El dinero nos hace esclavos, la tierra nos hace libres, hay personas que no son chontales que vinieron a solidarizarse con nosotros ; con el dinero podemos comprar muchas cosas pero no podemos comprar la fraternidad…
« L’argent nous rend esclaves, la terre nous rend libres, il y a beaucoup de gens qui ne sont pas chontales et qui sont venus se solidariser avec nous ; avec l’argent, nous pouvons acheter beaucoup de choses, mais nous ne pouvons pas acheter la fraternité… »
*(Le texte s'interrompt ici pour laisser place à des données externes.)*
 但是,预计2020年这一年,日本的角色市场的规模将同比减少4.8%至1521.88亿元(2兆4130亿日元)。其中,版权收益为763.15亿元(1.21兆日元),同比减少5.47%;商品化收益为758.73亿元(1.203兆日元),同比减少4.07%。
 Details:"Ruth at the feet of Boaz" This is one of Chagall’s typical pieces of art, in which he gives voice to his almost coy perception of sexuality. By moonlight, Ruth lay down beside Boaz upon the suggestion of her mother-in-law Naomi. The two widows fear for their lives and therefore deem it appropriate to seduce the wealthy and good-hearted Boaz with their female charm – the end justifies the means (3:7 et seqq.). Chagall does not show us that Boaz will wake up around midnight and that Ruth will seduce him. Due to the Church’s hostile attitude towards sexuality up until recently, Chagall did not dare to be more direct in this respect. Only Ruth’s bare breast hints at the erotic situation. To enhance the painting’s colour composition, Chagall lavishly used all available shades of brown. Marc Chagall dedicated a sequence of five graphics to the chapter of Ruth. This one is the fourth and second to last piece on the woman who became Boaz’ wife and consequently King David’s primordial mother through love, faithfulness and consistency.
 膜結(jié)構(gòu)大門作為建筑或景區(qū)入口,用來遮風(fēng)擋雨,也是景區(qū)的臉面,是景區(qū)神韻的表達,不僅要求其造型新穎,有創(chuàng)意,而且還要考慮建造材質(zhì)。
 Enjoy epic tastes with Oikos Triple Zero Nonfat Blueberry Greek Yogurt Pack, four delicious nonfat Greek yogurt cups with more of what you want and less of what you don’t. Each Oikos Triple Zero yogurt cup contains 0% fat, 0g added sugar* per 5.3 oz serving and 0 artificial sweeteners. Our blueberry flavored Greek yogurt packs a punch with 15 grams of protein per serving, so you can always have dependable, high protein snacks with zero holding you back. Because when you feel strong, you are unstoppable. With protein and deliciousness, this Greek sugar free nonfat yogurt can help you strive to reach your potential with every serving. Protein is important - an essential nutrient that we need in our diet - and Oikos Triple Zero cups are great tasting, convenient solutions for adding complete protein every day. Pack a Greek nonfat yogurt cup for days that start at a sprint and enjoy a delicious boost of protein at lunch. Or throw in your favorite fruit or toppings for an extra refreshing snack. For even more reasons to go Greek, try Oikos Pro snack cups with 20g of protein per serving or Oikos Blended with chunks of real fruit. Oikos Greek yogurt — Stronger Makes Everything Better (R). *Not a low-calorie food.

Je vais mettre un point final à cette brève relation sur ces mots de don Nicolás. Ils me font penser à la fois à notre historien national et romantique, Jules Michelet, et aux zapatistes. À Michelet, parce qu’ils prennent le contre-pied de ce qu’il a pu écrire sur l’argent, la propriété privée et la terre. Dans des pages d’un grand lyrisme et qui se veulent visionnaires, Michelet fait l’éloge de l’argent et de la propriété privée de la terre, qui, dit-il, « libèrent l’homme jusqu’alors attaché à la glèbe ». Aux zapatistes, quand, dès le début de leur insurrection, ils évoquent une qualité humaine que les riches et les puissants ignorent, semble-t-il : la dignité.
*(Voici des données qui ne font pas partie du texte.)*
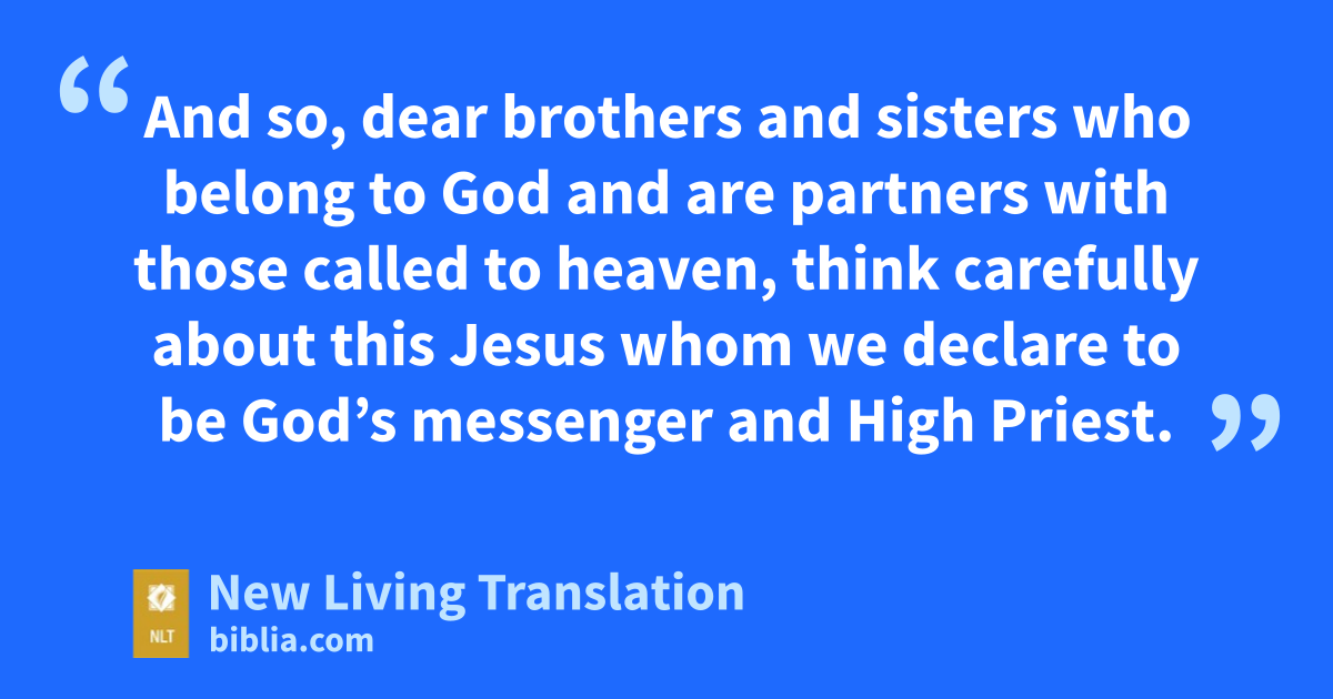 And so, dear brothers and sisters who belong to God and* are partners with those called to heaven, think carefully about this Jesus whom we declare to be God’s messenger* and High Priest. 2 For he was faithful to God, who appointed him, just as Moses served faithfully when he was entrusted with God’s entire* house.

À Oaxaca, le 30 juin 2016,
Georges Lapierre

Notes

[1Se prononce atolé, atolé méco (e = é).

[2Pain de sucre ou sucre brut.

[3Cf. Bien le bonjour de Jalapa, 11 mai 2016, ou Un village funambule, 2 décembre 2015.

[4Me’phaa, le ph ne se prononce pas [f] mais [p] avec h aspiré.

[5Vient de la langue nahuatl, tlapa signifiant rouge, le peuple rouge.

[6Suprema Corte de Justicia de la Nación.

[7Concessions Nord du Cœur des Ténèbres et Cœur des Ténèbres.
Nous pouvons aussi noter le divorce qui existe entre les déclarations de bonnes intentions, c’est le droit constitutionnel, et la réalité des faits dictés par la dynamique capitaliste reposant sur les plus mauvaises intentions du monde (le Cœur des Ténèbres ?), cf. la signature des traités de libre commerce.